All of these dependencies can been fulfilled by this Colab session and the code can run as it is.

## Imports

In [1]:
import pandas as pd
import numpy as np
from tqdm import tqdm

import os, contextlib, re, subprocess
from datetime import datetime
from difflib import Differ, SequenceMatcher

## Helper functions

In [2]:
# Reference from https://stackoverflow.com/questions/431684/equivalent-of-shell-cd-command-to-change-the-working-directory
@contextlib.contextmanager
def change_dir(directory):
    current_dir= os.getcwd()
    try: 
        os.chdir(directory)
        yield
    finally: os.chdir(current_dir)

### Basic retrieval of data

In [3]:
def get_log(directory, commit):
    with change_dir(directory):
        log = os.popen(f"git log --pretty=oneline {commit} -1").read()
        return log

def get_num_commits(directory, commit):
    with change_dir(directory):
        return int(os.popen(f"git rev-list --count {commit}").read())

def get_author_date(directory, commit):
    with change_dir(directory):
        raw_time = os.popen(f"git show {commit} -s --format=%ad").read().strip()
        cleaned_time = datetime.strptime(raw_time, "%a %b %d %H:%M:%S %Y %z")
        return cleaned_time

def diff_in_commits(directory, new_commit, old_commit):
    return abs(get_num_commits(directory, new_commit) - get_num_commits(directory, old_commit))

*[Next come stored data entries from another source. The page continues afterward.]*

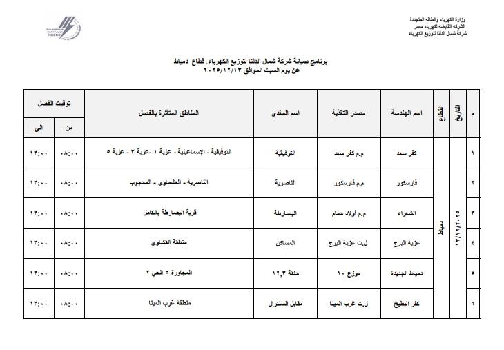 أما في محافظة دمياط، فيشمل فصل الكهرباء مناطق: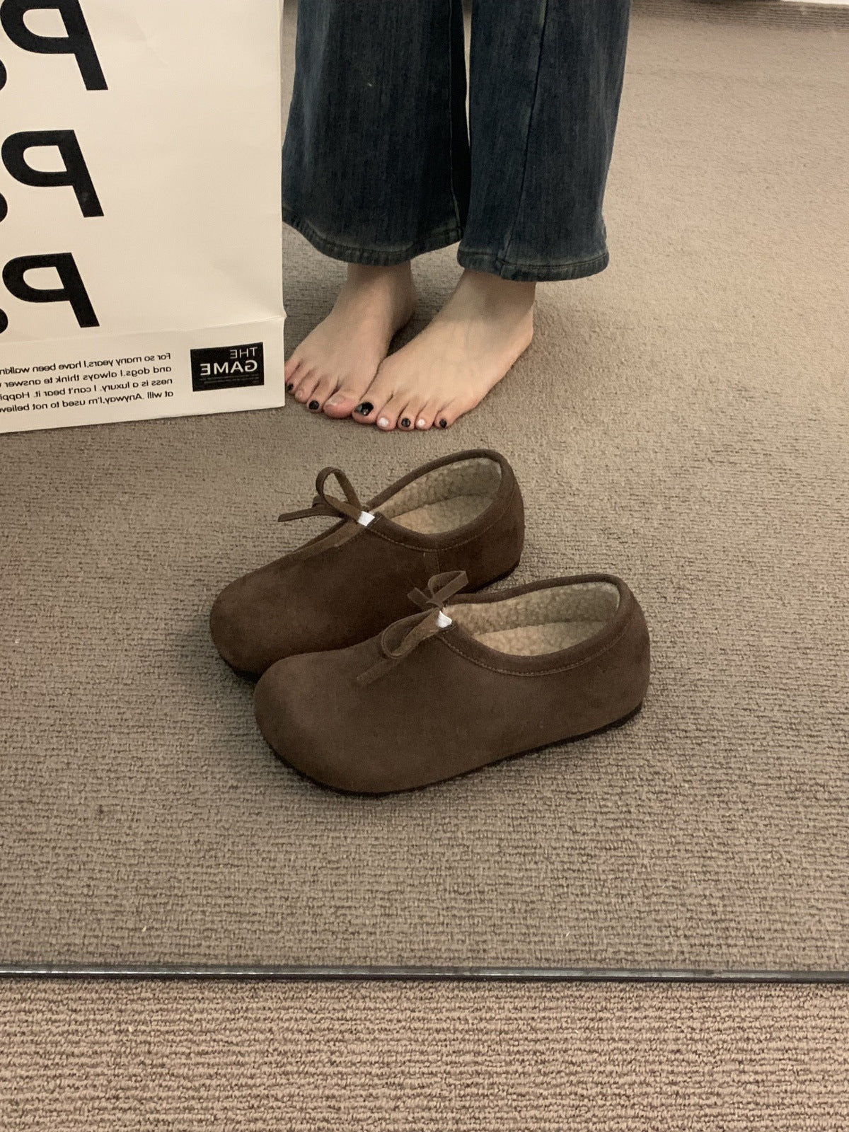 Late Night Breeze Height Increasing Thick Sole Leopard Print Fleece Lined Birkenstock Shoes for Outdoor Wear Autumn Winter Slip-On Ugly Cute Deep Mouth Beanie Cotton Shoes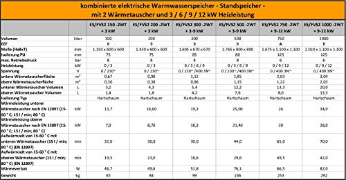 200 L Warmwasser-Speicher mit zwei Wärmetauschern, 3 kW Heizleistung, Sicherheitsventil mit Rückschlagklappe und Magnesiumschutzanode. Abmessungen: 1430 x 600 x 600 mm, 84 kg Gewicht. 230 V, 3000 W.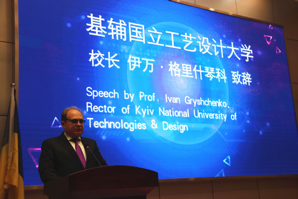 基輔國立工藝設計大學校長伊萬·格里什琴科致辭。他指出,基輔學院的成立,開創了兩個友好民族在教育和科學領域的新視野,促進了未來思想和戰略的交流以及精神價值的提高?;o國立工藝設計大學外事處長瓦倫蒂娜·舒里加女士宣讀了烏克蘭駐華大使館公使銜參贊維克多·波諾馬廖夫的來信致辭,致辭中表示烏克蘭高度重視與中國的戰略伙伴關系,并熱切希望將其推向一個全新的高度?;o學院的成立,將大大促進中國和烏克蘭之間的親密交流,成為雙方合作辦學的典范。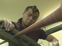 1枚の金属板を、いかに手際よく丸い筒状に仕上げていくかが腕の見せどころ。一見、木槌でガンガンと叩いているようだが「金属がどこに延びていくのかを常に予想しながら叩いてます。実は繊細な作業なんですよ」と広人さんはいう。100分の5ミリずれるだけで音色や音程が変わってしまう繊細な仕事だが、広人さんは「そこが醍醐味」と語る。月収はおよそ24万円。ドイツでは手作りベルの需要が高く、マイスターの資格をもつ楽器職人よりも、稼ぎが多い場合もしばしばだという。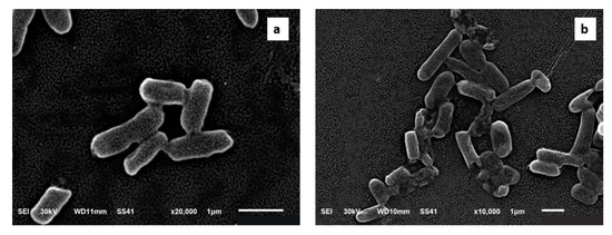 Scanning electron microscope image of a representative K. pneumoniae isolates (a) before and (b) after treatment with C. thouarsii extract (16 µg/mL).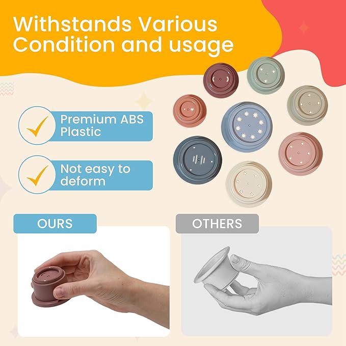 - DURABLE & SAFE - Our toddler stacking cups are manufactured with high-quality, BPA-free, non-toxic materials to ensure your child's safety. These stack cups form an excellent and secure playtime companion being the perfect stackable cups for babies, they are designed with utmost care to be both enjoyable and safe.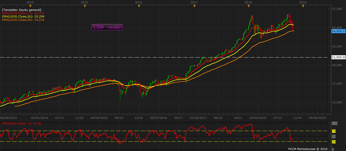 U.S. Industrial benchmark index, Dow Jones Industrial Average (DJIA) has come under fire after reaching an all-time high around 27000 area (US30) in early October. Since then, it has come under intense selling pressure.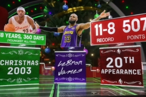 据统计,这将是詹姆斯生涯第20次在圣诞大战中亮相,此前他圣诞大战的战绩为11胜8负,共砍下507分(圣诞大战历史纪录)。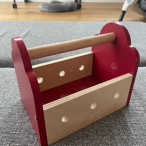 IKEA træværktøjskasse legetøj i træ i farverne grøn, natur, grå og gul. Værktøjskassen har håndtag i træ og sider med huller til skruer og bolte. Medfølgende skruer og møtrikker i træ kan skrues i og ud af hullerne. Egnet som rollelegsværktøj til børn, der vil efterligne gør-det-selv-arbejde. Robust konstruktion i træ med afrundede kanter.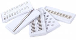 A munka közbeni biztonságról élelmiszer-tartó és pengévédő burkolatok gondoskodnak a biztonságos tároláshoz. Minden alkatrész mosogatógépben mosható 60 °C-ig, ami időt és fáradságot takarít meg. A készlet 7 cserélhető feltétet tartalmaz a maximális sokoldalúság érdekében, valamint egy kosár–csepegtetőt a gyors leöblítéshez.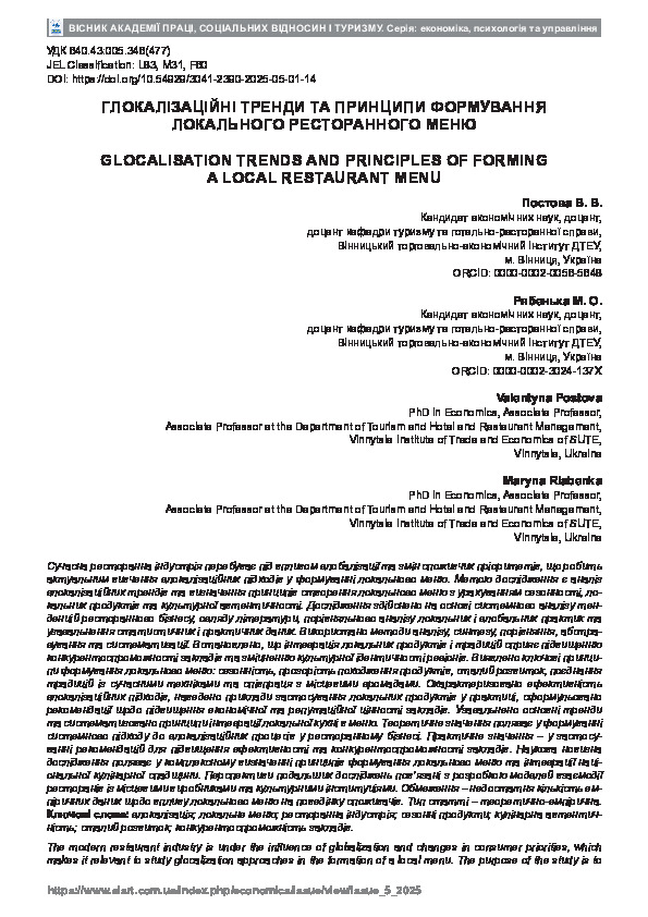 | Keywords: | глокалізація; локальне меню; ресторанна індустрія; сезонні продукти; кулінарна автентичність; сталий розвиток; конкурентоспроможність закладів. |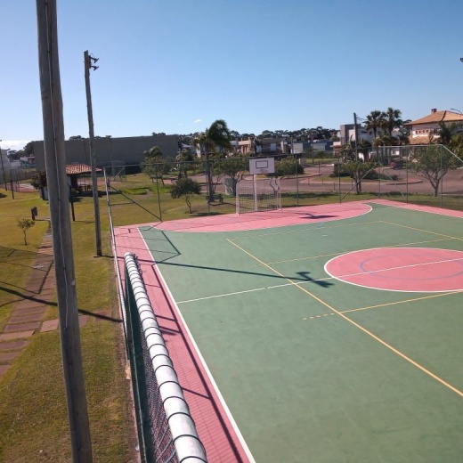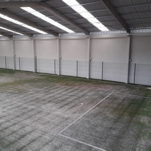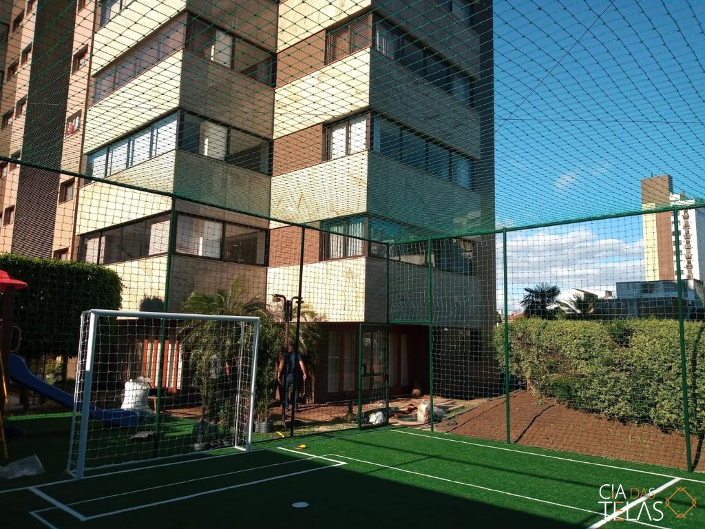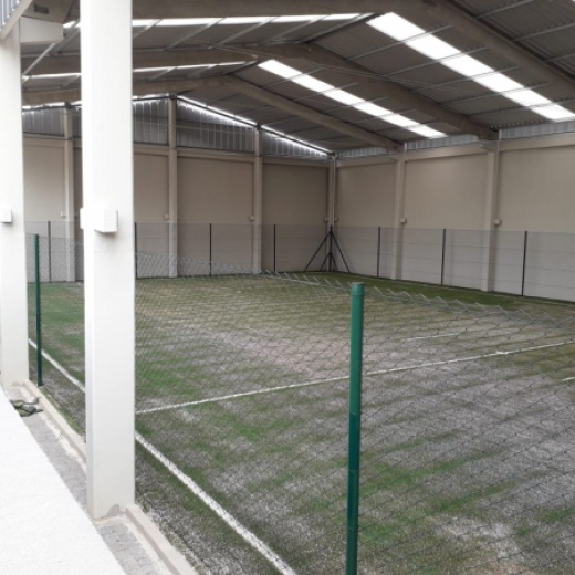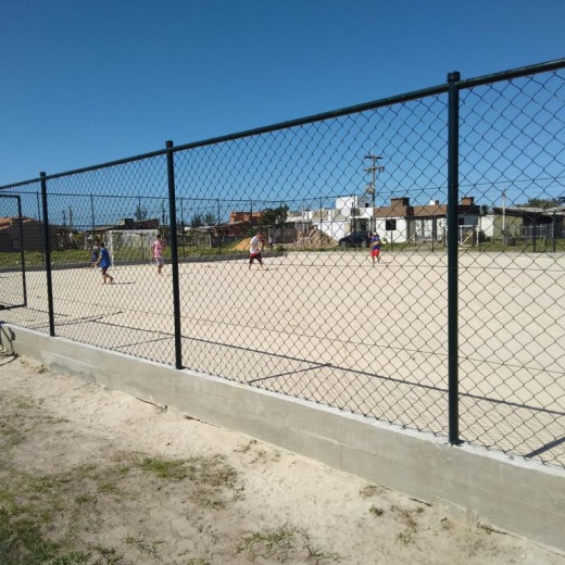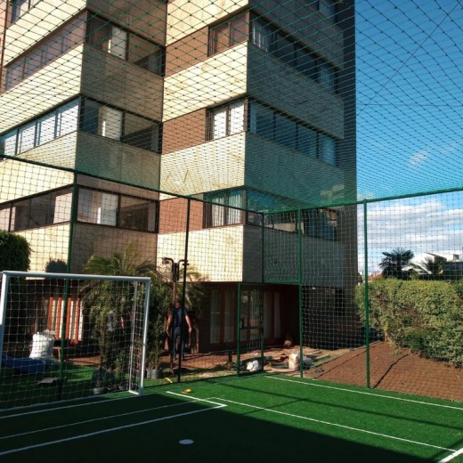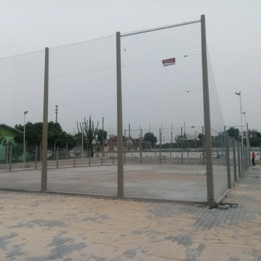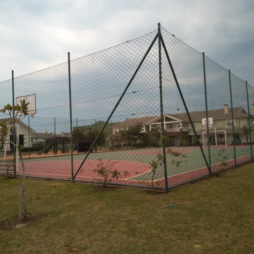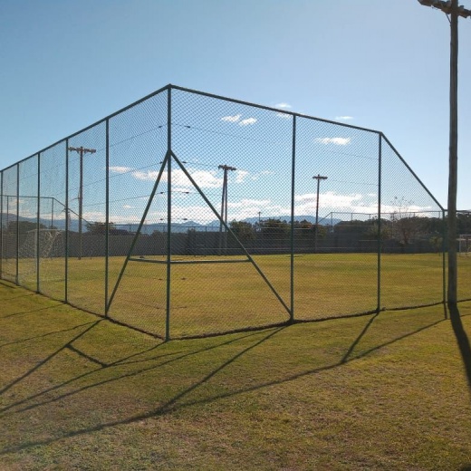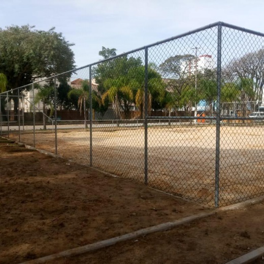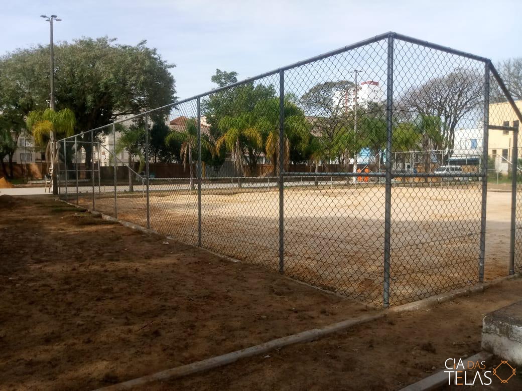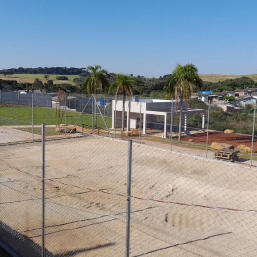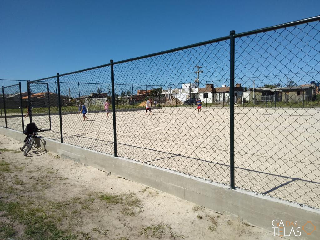 Construção da estrutura para o cercamento, inclui as telas, tubos, vigamento, goleiras e redes de proteção laterais. Mão de obra inclusa.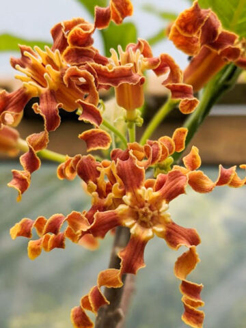 The growth rate of Madagascar Corkscrew Flower will vary greatly depending on soil type, sunlight, temperature and other factors. A few leaves are often trimmed prior to shipping to reduce transpiration and travel stress.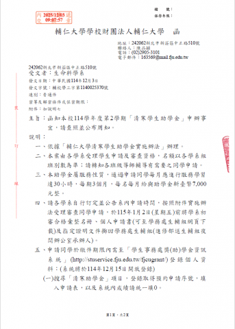 《若有意申請同學,請於12月20日前將資料交至系辦》 附件: 01.輔仁大學清寒學生助學金實施辦法 (3).pdf 02.清寒學生助學金彙整名冊.pdf 03.清寒學生助學金申請書新版.pdf 04.清寒助學金請款名冊.pdf 114學年度第2學期「清寒學生助學金」申辦事宜,請查照並公布周知。.pdf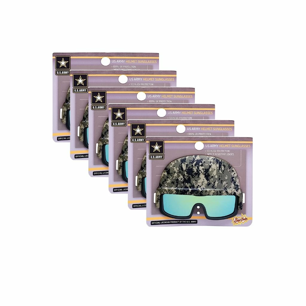 Be prepared for anything in a pair of U.S. Army Helmet Lil’ Characters Sun-Staches. Officially licensed by the United States Army, these stylized spectacles feature the digital camouflage pattern of the the U.S. Army Soldier. UV Protection and impact resistant lenses. This pair of entertaining eyewear is standard issue apparel for every situation you may come across from the costume party to the PT field. Anyone who doesn’t think these are the coolest way to have fun in the sun better drop down and give me twenty. Fun for young cadets and made for fun in the sun. These aren’t just sunglasses, they’re Sun-Staches!

def diff_in_time(directory, new_commit, old_commit):
    time_difference = get_author_date(directory, new_commit) - get_author_date(directory, old_commit)
    return abs(time_difference).total_seconds() / (24 * 60 * 60) # get in terms of days

### Advance retrieval of data

In [35]:
def statistics(directory, new_commit, old_commit=None, file=None):
    """
    If an old_commit is not specified, by default, the commit will be compared with the previous commit
    If a file is specified, it will compare the differences between the two files.
    Else, it will compare all files across two directories and return
    (number_files_modified, lines_added, lines_deleted)
    """
    if old_commit is None: old_commit = f"{new_commit}~1"
    with change_dir(directory):
        if file is None:
            stats = os.popen(f"git diff --shortstat {old_commit} {new_commit}").read()
        else:
            stats = os.popen(f"git diff --shortstat {old_commit} {new_commit} -- {file}").read()
        group = re.search(r"\d+", stats)
        files = 0 if group is None else int(group[0])
        group = re.search(r"\d+(?= insertion)", stats)
        insertions = 0 if group is None else int(group[0])
        group = re.search(r"\d+(?= deletion)", stats)
        deletions = 0 if group is None else int(group[0])
        return (files, insertions, deletions)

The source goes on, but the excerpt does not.